TASK PROMPT: Without the pictures, print the lines running from the beginning of the material to the line containing "Verus Mobile's self-sovereign", both ends included.

►

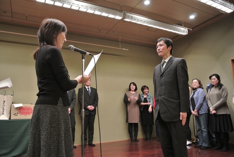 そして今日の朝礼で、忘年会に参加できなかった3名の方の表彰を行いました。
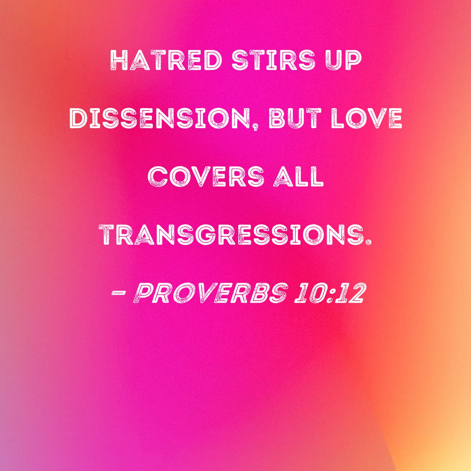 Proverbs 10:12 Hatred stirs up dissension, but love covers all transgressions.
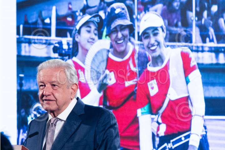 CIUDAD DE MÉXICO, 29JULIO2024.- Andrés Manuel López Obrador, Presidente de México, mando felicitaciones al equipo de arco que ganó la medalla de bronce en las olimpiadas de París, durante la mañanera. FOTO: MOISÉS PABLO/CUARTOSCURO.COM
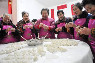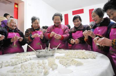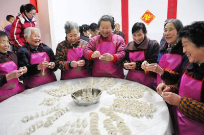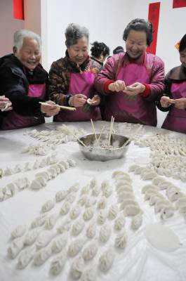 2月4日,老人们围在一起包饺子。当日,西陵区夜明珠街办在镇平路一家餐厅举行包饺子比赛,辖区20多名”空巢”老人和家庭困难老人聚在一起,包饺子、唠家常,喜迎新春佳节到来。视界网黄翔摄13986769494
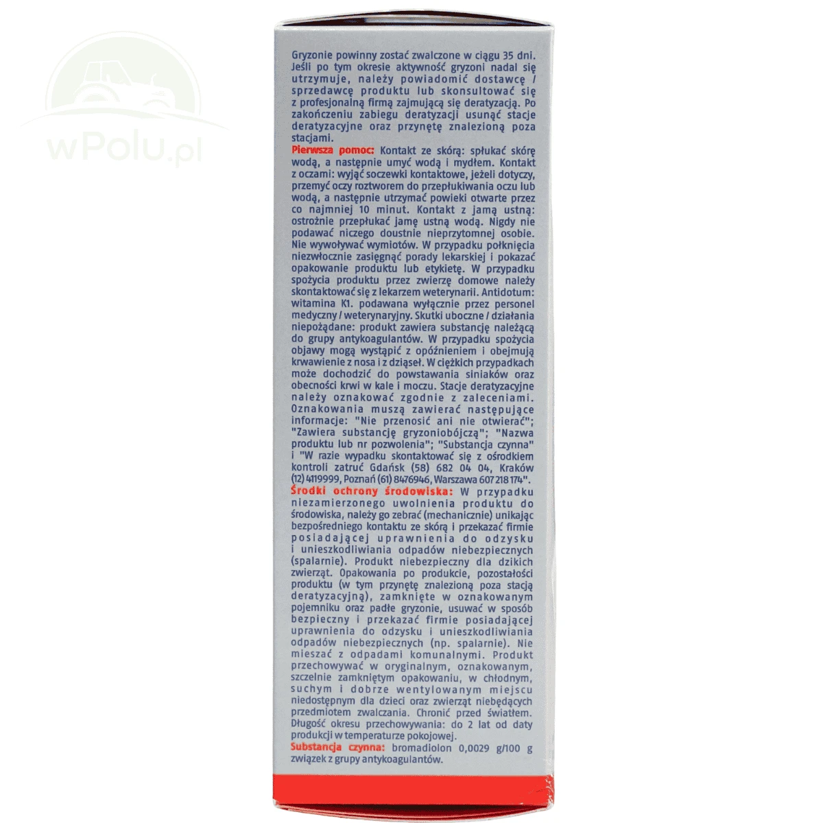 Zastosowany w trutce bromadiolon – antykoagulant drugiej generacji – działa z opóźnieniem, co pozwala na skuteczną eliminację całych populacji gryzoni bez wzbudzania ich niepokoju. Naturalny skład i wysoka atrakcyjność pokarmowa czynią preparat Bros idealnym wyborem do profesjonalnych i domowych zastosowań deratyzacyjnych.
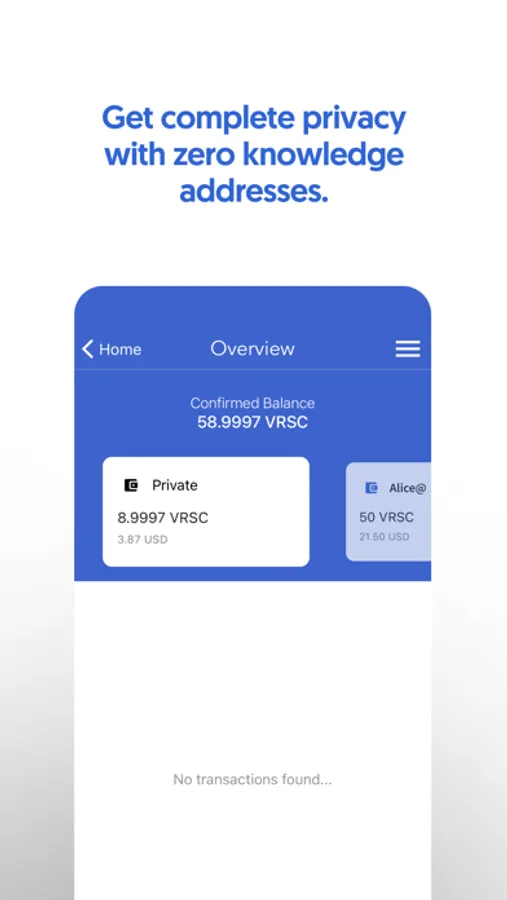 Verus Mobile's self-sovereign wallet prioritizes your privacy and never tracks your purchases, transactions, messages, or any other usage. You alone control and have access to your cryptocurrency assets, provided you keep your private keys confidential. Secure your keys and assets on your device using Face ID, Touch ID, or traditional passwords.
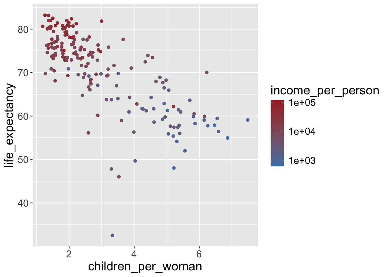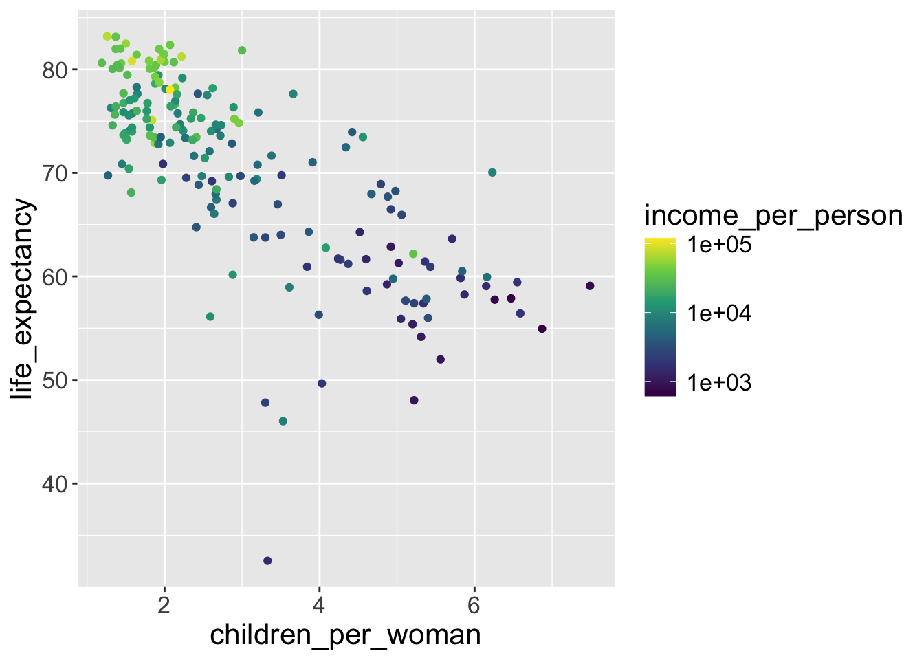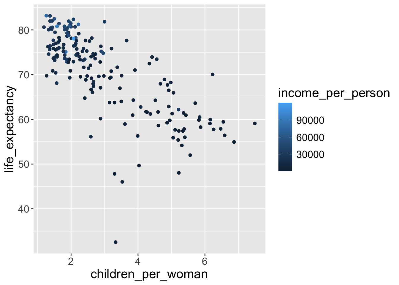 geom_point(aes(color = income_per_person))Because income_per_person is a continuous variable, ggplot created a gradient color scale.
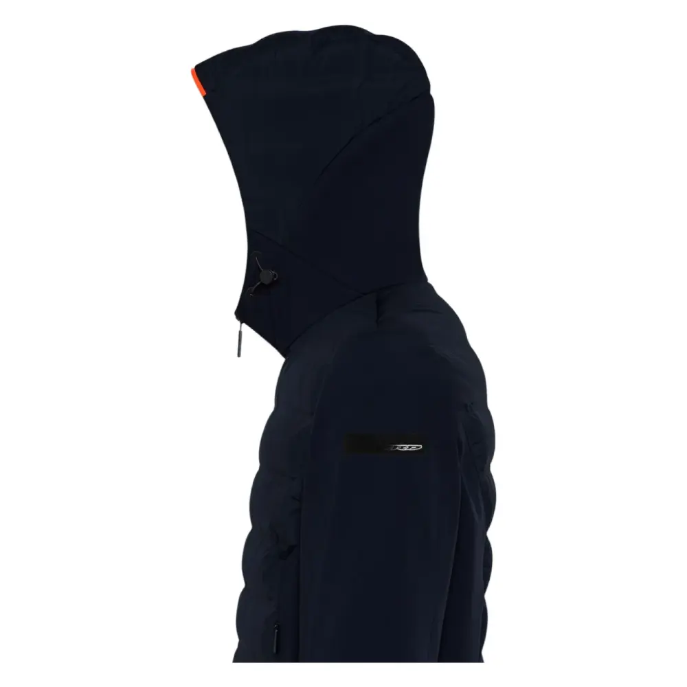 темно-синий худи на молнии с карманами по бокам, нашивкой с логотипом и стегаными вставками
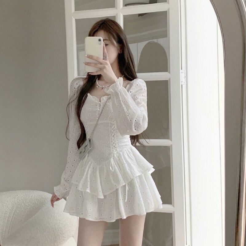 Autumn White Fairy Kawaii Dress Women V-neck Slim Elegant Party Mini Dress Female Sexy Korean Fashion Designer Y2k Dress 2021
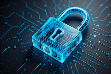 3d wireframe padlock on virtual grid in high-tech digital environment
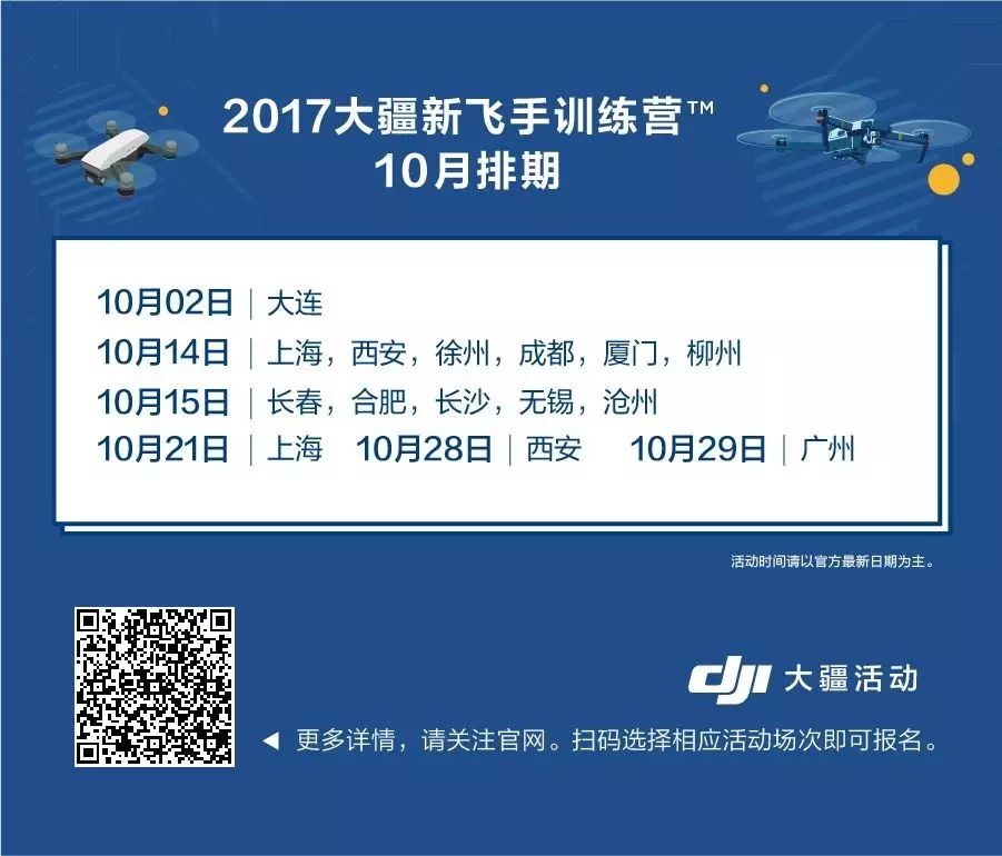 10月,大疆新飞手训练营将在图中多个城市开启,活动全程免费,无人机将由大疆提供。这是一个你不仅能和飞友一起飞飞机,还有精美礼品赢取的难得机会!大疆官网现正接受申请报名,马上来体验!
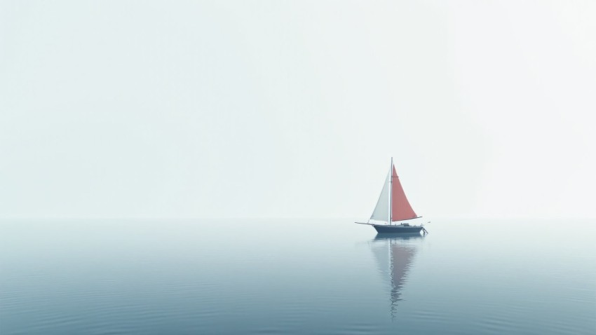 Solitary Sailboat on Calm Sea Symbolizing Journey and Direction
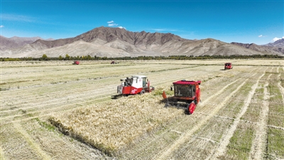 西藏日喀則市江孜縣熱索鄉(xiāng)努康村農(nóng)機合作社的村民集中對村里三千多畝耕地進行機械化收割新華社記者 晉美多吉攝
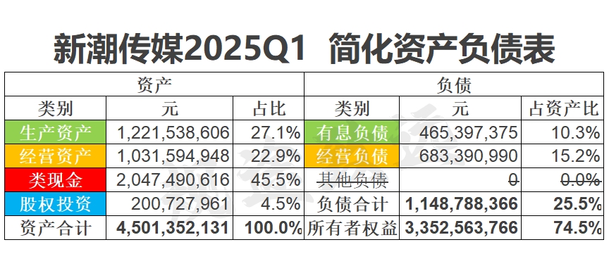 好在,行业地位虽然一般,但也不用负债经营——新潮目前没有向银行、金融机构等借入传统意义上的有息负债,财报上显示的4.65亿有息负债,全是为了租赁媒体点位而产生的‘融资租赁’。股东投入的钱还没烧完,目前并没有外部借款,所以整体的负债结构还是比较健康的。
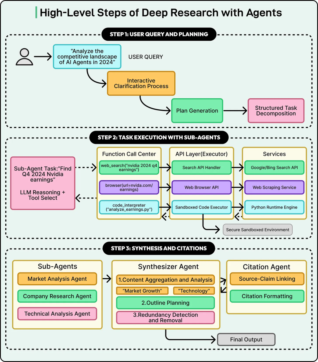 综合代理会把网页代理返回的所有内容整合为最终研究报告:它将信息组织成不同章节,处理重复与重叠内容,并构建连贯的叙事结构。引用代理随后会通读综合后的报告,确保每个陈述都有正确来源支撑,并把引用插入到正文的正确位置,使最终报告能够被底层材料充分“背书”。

◄

RESULT:
 そして今日の朝礼で、忘年会に参加できなかった3名の方の表彰を行いました。
 Proverbs 10:12 Hatred stirs up dissension, but love covers all transgressions.
 CIUDAD DE MÉXICO, 29JULIO2024.- Andrés Manuel López Obrador, Presidente de México, mando felicitaciones al equipo de arco que ganó la medalla de bronce en las olimpiadas de París, durante la mañanera. FOTO: MOISÉS PABLO/CUARTOSCURO.COM
 2月4日,老人们围在一起包饺子。当日,西陵区夜明珠街办在镇平路一家餐厅举行包饺子比赛,辖区20多名”空巢”老人和家庭困难老人聚在一起,包饺子、唠家常,喜迎新春佳节到来。视界网黄翔摄13986769494
 Zastosowany w trutce bromadiolon – antykoagulant drugiej generacji – działa z opóźnieniem, co pozwala na skuteczną eliminację całych populacji gryzoni bez wzbudzania ich niepokoju. Naturalny skład i wysoka atrakcyjność pokarmowa czynią preparat Bros idealnym wyborem do profesjonalnych i domowych zastosowań deratyzacyjnych.
 Verus Mobile's self-sovereign wallet prioritizes your privacy and never tracks your purchases, transactions, messages, or any other usage. You alone control and have access to your cryptocurrency assets, provided you keep your private keys confidential. Secure your keys and assets on your device using Face ID, Touch ID, or traditional passwords.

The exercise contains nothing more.